De manera que, desde el principio, Heathcliff sembró en la casa semillas de discordia. Cuando dos años más tarde murió la señora, Hindley consideraba a su padre como un tirano y a Heathcliff como a un intruso que le había robado el afecto paternal y sus derechos de hijo. Yo compartía sus opiniones, pero cuando los niños enfermaron del sarampión, modifiqué mis sentimientos. Tuve que cuidar a todos los chiquillos, y Heathcliff, mientras estuvo grave, quería tenerme siempre a su lado. Debía pensar que yo era muy buena para él, sin comprender que no hacía más que cumplir con mi obligación. Hay que reconocer que era el niño más pacífico que haya atendido jamás una enfermera. Mientras Catalina y su hermano me importunaban continuamente, él era manso como un cordero, quizá ello se debía más a la costumbre de sufrir que a buenos instintos.
Cuando se curó y el médico aseguró que ello en parte era consecuencia de mis cuidados, me sentí agradecida hacia quien me había hecho merecer tales alabanzas. Así perdió Hindley la aliada que tenía en mí. Sin embargo, mi afecto por Heathcliff no era ciego, y frecuentemente me preguntaba para mis adentros qué sería lo que el amo podría ver en aquel niño que, a lo que recuerdo, nunca recompensó a su protector con expresión alguna de gratitud. No es que obrase mal con el amo, sino que demostraba indiferencia, aunque bien sabía que bastaba una frase suya para que toda la casa hubiera de plegarse a sus deseos.
Recuerdo, por ejemplo, una ocasión en que el señor Earnshaw compró dos potros en la feria del pueblo y regaló uno a cada muchacho. Heathcliff eligió el más hermoso, pero habiendo notado al poco tiempo que cojeaba, dijo a Hindley:
-Tienes que cambiar de caballo conmigo, porque el mío no me agrada. Si no lo quieres hacer, le contaré a tu padre que me has dado esta semana tres palizas y le enseñaré mi brazo, que está amoratado hasta junto al hombro.

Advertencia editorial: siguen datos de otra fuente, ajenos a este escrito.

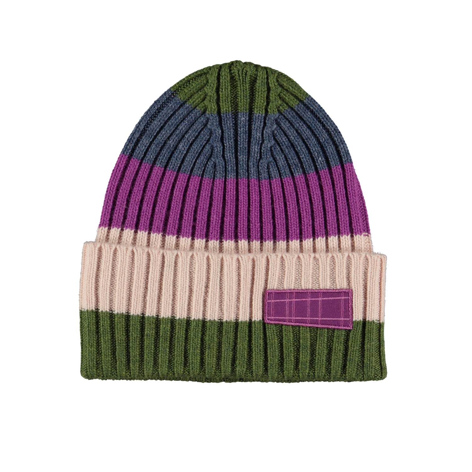 Kabelstrikket stribet hue i uldblanding med ombuk forneden og Molo''s logo på fronten.
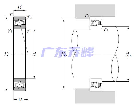 | 超高速單列角接觸球軸承 - 尺寸 | |
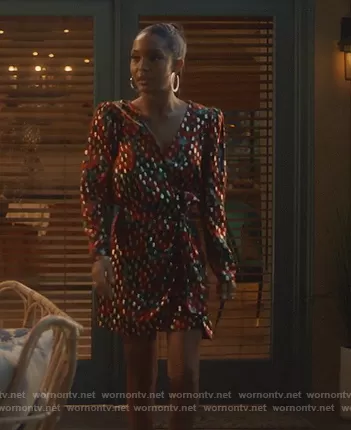 Zoey Johnson (played by Yara Shahidi) on Grown-ish on Freeform was spotted wearing this metallic floral wrap dress on Grown-ish on episode 'Who Do You Love?' (3x17) in Mar 2021. Zoey's Dress is the Metallic Rose Mini Dress by The Kooples.
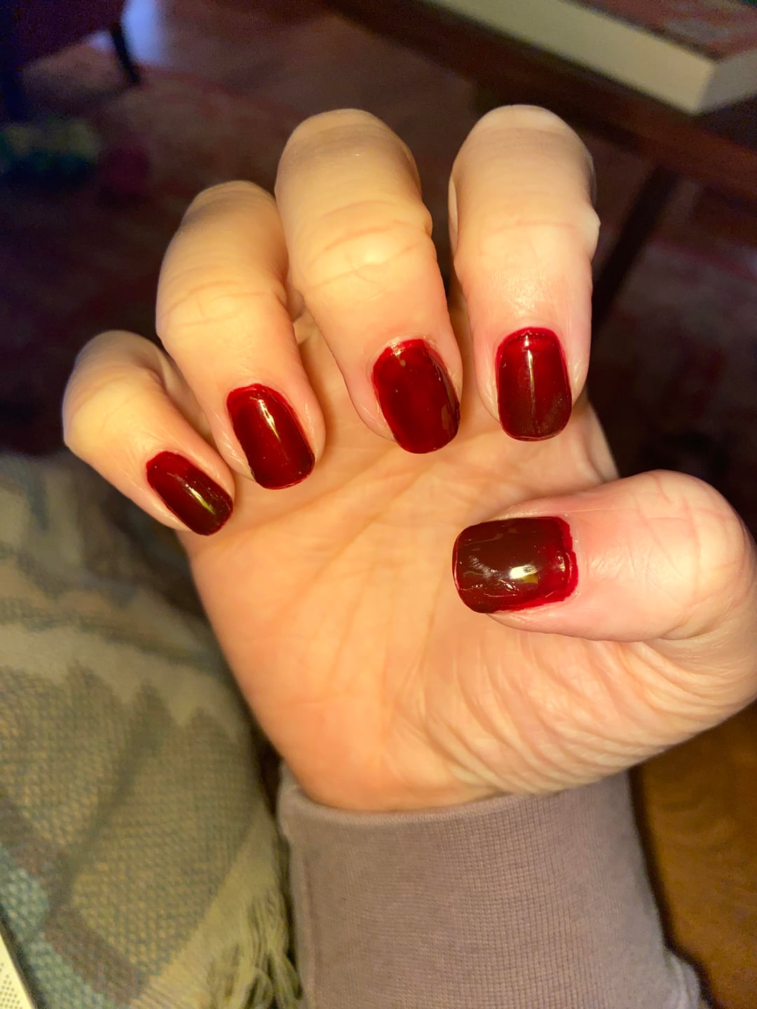 Things I notice are the layers, there are areas a top coat wasn’t completely applied so I see spots without, the tips of my nails are not done, some flooding, and overall just patchy looking.

Hindley se burló de él y le dio de bofetadas.
-Lo mejor es que hagas enseguida lo que te digo -continuó Heathcliff, saliendo al portal desde la cuadra,
donde estaban-. ¡Ya sabes que si hablo a tu padre, recibirás estos golpes y muchos más!
-¡Largo de aquí, perro! -gritó Hindley amenazándole con una pesa de hierro que se empleaba para pesar patatas.
-Atrévete a tirármela -le desafió Heathcliff deteniéndose -. Ya diré que te has vanagloriado de que me echarías a la calle en cuanto tu padre se muera, y veremos si entonces no eres tú el que sales de esta casa hoy mismo.
Hindley le tiró la pesa, que alcanzó a Heathcliff en el pecho. Cayó al suelo, pero se levantó enseguida, pálido y tambaleándose. A no habérselo yo impedido, hubiera ido enseguida a presentarse al amo, para acusar a Hindley.
-Coge mi caballo, gitano -rugió entonces el joven Earnshaw-, y ¡ojalá te mates con él! ¡Tómalo y maldito seas, miserable intruso! Anda y arranca a mi padre cuanto tiene, y demuéstrale quién eres después de que lo hagas, engendro de Satanás. ¡Tómalo, y así te rompa la cabeza a patadas!
Heathcliff se acercó al animal y se puso a desatarlo para cambiarlo de sitio. Hindley, al terminar de hablar, le derribó de un golpe entre las pezuñas del caballo, y sin detenerse a ver si sus maldiciones se cumplían, salió corriendo. Me asombró la serenidad con que el niño se levantó, y realizó sus intenciones, cambiando, antes que nada, los arreos de las caballerías, después de lo cual se sentó en un haz de heno, para dejar que le pasara el efecto del golpetazo recibido, antes de volver a entrar en la casa. No me fue difícil convencerle de que atribuyese al caballo la culpa de sus contusiones. Él había conseguido lo que deseaba, y lo demás le importaba poco. Como rara vez se quejaba de los malos tratos que sufría, yo pensaba que no era rencoroso, pero pronto verá usted que me engañaba.